Materiał powstał we współpracy z Narodowym Instytutem Wolności

Niedawno odbyło się duże wydarzenie, doroczna konferencja NIW-CRSO. Jak pan by ją podsumował?

To pierwsza konferencja w nowym otwarciu, bo NIW przez lata w wielu kręgach nie cieszył się dobrą sławą. Instytut zarządza wieloma bardzo wartościowymi programami, ale wśród grantów były też takie, które budziły spore zastrzeżenia, także nasze. Stąd np. wnioski do prokuratury składane przez nas jako nowe władze NIW. Zatem dla nas konferencja była szansą na pokazanie nowych, bardziej transparentnych standardów i bardziej partnerskiego podejścia do organizacji pozarządowych (NGO). Dowodem zaufania, jakim darzy nas dzisiaj sektor, było ogromne zainteresowanie: mieliśmy tylko 300 miejsc, a nadeszło ponad 850 zgłoszeń. To rekordowa liczba w historii Instytutu, co pokazuje, że organizacje są ciekawe zmian, chcą rozmawiać i dowiedzieć się, jaką mamy dla nich ofertę.

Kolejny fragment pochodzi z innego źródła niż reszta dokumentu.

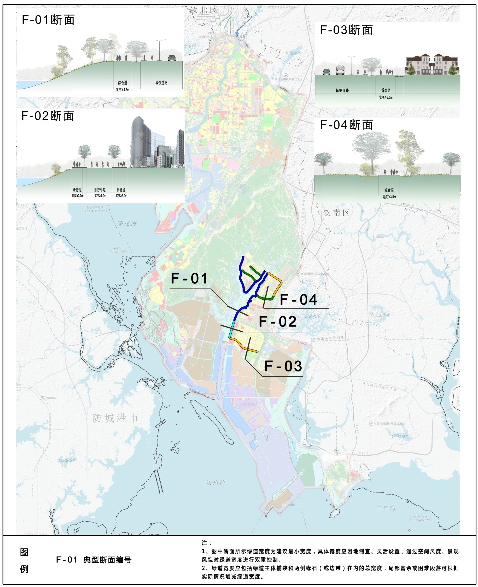 F-01断面:结合滨水绿化空间,设置步行和自行车综合道,综合道宽度不宜小于4.5m。该断面主要适用于金鼓江沿线段。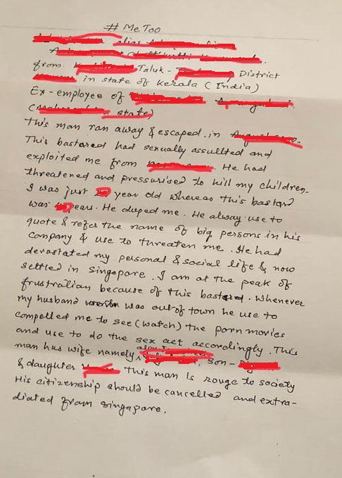 സിംഗപ്പൂര്: പ്രമുഖ സിംഗപ്പൂര് മലയാളിക്കെതിരായി മീടു ആരോപണങ്ങള് അടങ്ങുന്ന യുവതിയുടെ കത്ത് പ്രവാസി എക്സ്പ്രസ്സിന്റെ ഓഫീസില് ലഭിച്ചു. എതാണ്ട് എട്ടു വര്ഷത്തോളം തന്നെ മാനസികമായും ലൈംഗികമായും പീഢിപ്പിച്ചുവെന്നാണ് ആരോപണം. തുടര്ന്ന് സിംഗപ്പൂരിലേക്കു കടന്ന ഇയാള് ഇവിടെ സ്ഥിരതാമസമാക്കിയെന്നാണു കത്തില് പറയുന്നത്.

Przedstawiciele NGO zwracali uwagę na niepewność ich sytuacji. Co można w tej sprawie zrobić?

Po roku od wyborów organizacje są nieco sfrustrowane tym, że nie widzą jasnych działań wobec sektora. Ale z punktu widzenia Instytutu sytuacja wygląda tak, że byłe władze jesienią zeszłego roku, przed wyborami, ogłosiły konkursy dla NGO. My dzisiaj ogłaszamy konkursy na rok 2025. Stąd przesunięcie i poczucie braku nowych środków. Już wystartowaliśmy z konkursami. Przez najbliższe tygodnie NGO mogą aplikować o środki, także na budowanie swojego potencjału. Jako NIW w dużej części zajmujemy się finansowaniem różnego typu projektów, ale ostatecznie naszym zadaniem jest to, żeby pomagać organizacjom uniezależniać się od środków publicznych.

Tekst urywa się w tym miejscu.